For decentralization to work, there has
to be a way for the network to maintain its integrity. Everyone has to be
assured that all transactions are valid and that no one on the network is
cheating by double spending or
reversing transactions.
The process of everyone on the network
agreeing that transactions are valid in the absence of a central authority is
known as “achieving consensus.” It is the network nodes that achieve this
consensus among users, helping to make the blockchain secure.
Consensus Algorithms
Consensus refers to the rules by which a
blockchain network operates and confirms the validity of information written in
blocks. Confirming this information can be complicated with large networks
involving large numbers of people, hence the need for a consensus algorithm.
The original consensus algorithm is
Bitcoin’s proof-of-work (PoW) algorithm. Proof-of-Stake (PoS) is
another popular consensus algorithm that works somewhat differently but seeks
to achieve the same goal. Many DeFi protocols utilize PoS. Both
algorithms rely on full nodes for the validation of transactions and
enforcement of network rules.
For the sake of simplicity, in this
article we will assume that someone is interested in learning about Bitcoin
nodes that run on PoW.
Anyone can download the entire Bitcoin
blockchain and validate blocks. This increases both the security and the
decentralization of the network, as more copies of the ledger come into
existence and can be referenced by others. Bitcoin nodes can be run by anyone
in the world with the proper hardware and an internet connection.
7 Types of
Blockchain Nodes
To recap: A node is one computer in a
network of many that follows rules and shares information.
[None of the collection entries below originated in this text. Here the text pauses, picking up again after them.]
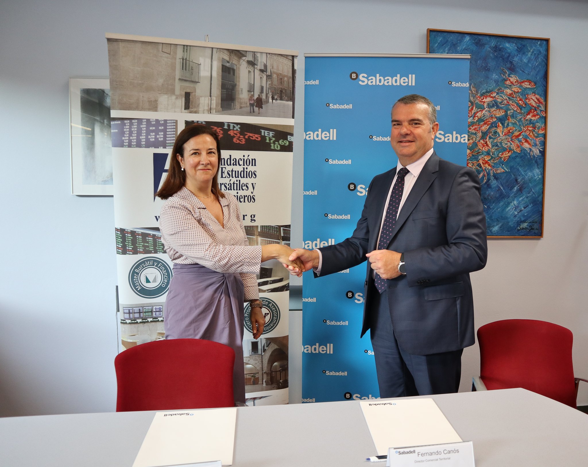 La Fundación de Estudios Bursátiles y Financieros (FEBF) ha firmado un acuerdo de colaboración con Banco Sabadell. El acuerdo ha sido suscrito por Isabel Giménez Zuriaga, Directora General de la FEBF, y por Fernando Canos Mangriñán, Director Comercial Territorial Este de Banco Sabadell.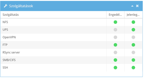 Belső hálón van NFS megosztás androidos boxnak, DLNA egy LG TV-nek, masszív torrent, hálózati nyomtató szkennelő mappája, SMB a gépeknek, valamint Plex, ami egy másik városban lévő TV-re streamel.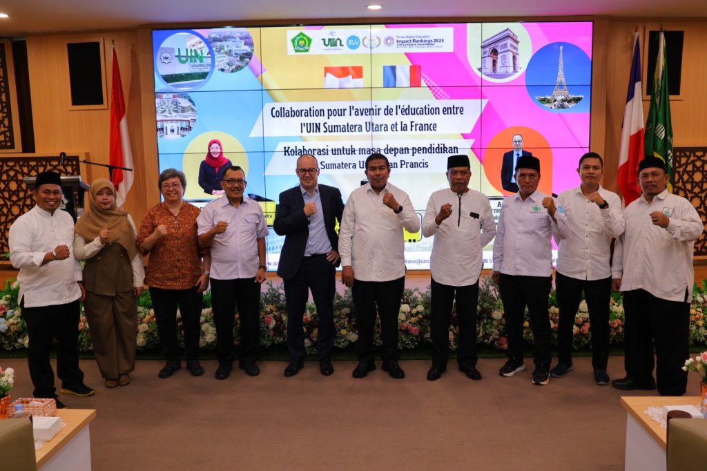 “UINSU yang telah berusia 52 tahun kini memiliki 8 fakultas, dengan kombinasi bidang keagamaan dan umum. Kami sangat terbuka untuk menjalin kolaborasi internasional dalam tridharma perguruan tinggi — baik di bidang pendidikan, riset, maupun mobilitas mahasiswa,” ujarnya. Ia juga menyebut dengan bangga bahwa tiga mahasiswa UINSU saat ini sedang melanjutkan studi magister di Prancis, masing-masing di Université Grenoble Alpes, Université Paris VIII, dan Université de Lorraine, berkat beasiswa dari Pemerintah Prancis.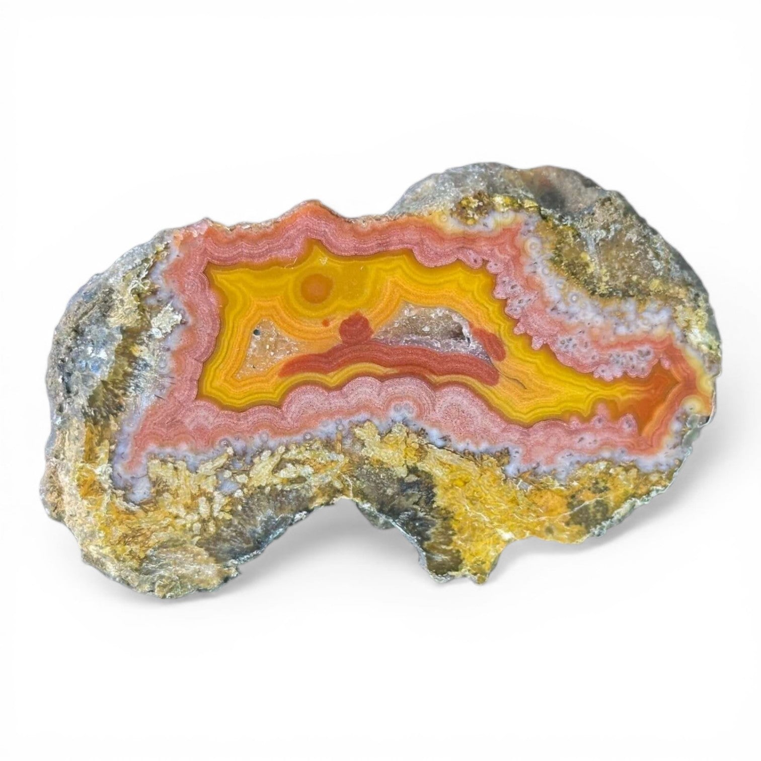 This exquisite Laguna Agate showcases a captivating fortification, displaying a remarkable chromatography phenomenon from gold to rusted iron shades. Its outer part boasts intricate inclusions, creating a truly unique and fascinating stone.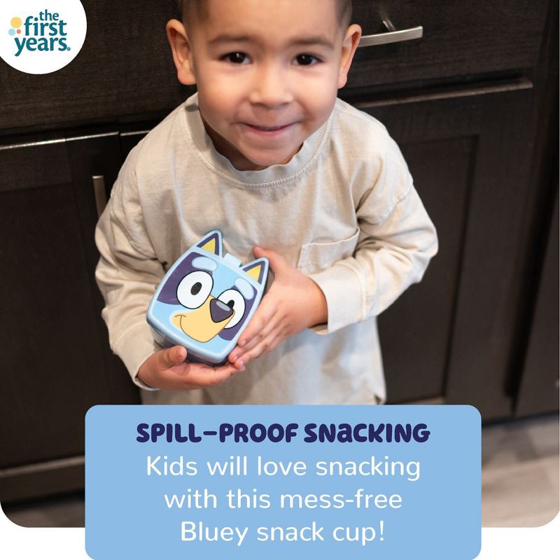 - Flip-top Cover: Featuring Bluey's cheerful face, the snack cup lid keeps toddler's snacks securely inside

The term “node” is sometimes used
interchangeably with the term “full node,” but they are not the same. A “full
node” is a computer in the Bitcoin network that stores and synchronizes a copy
of the Bitcoin network’s entire blockchain history.
Full nodes are important for several
reasons, not the least of which being that they vote on proposed changes to the
network. When more than 51% of full nodes don’t agree on a proposal, it gets
skipped. Sometimes this leads to a hard fork, as was
the case in 2017 with the Bitcoin Cash fork.
While there are several types of full
nodes, there are also lightweight nodes. Below, we’ll highlight both
lightweight and full nodes.
1. Light Nodes
Lightweight nodes or “light nodes” do
not hold full copies of the blockchain. Light nodes only download blockheaders,
saving users significant download time and storage space. Nodes of this nature
depend on full nodes to function and are used for simplified payment
verification (SPV).
2. Archival Full Nodes
Most often, when someone uses the term
“full node,” they are referring to an archival full node. This is the primary
node type that forms the backbone of a blockchain network. Archival full nodes
are servers that host the entire blockchain, with every single transaction
recorded in their databases. The main task of these nodes is to validate blocks
and maintain consensus.
Archival nodes can be broken down
further into two subcategories: nodes that can add blocks to the chain and
those that cannot.
3. Pruned Full Nodes
A pruned full node is one that saves
hard disk space for its users by “pruning” older blocks in the blockchain. This
type of node will first have to download the entire blockchain from the
beginning. After that, it will begin deleting blocks beginning with the oldest
and continue until the node only holds the most recent transactions up to a set
size limit. If a node operator were to set the size limit to 250 MB, then a
pruned full node would hold the most recent 250 MB worth of transactions.
4. Mining Nodes
In crypto mining,
miners are either full or light nodes that try to prove they’ve completed the
work required to create a new block. This is where the term “proof-of-work”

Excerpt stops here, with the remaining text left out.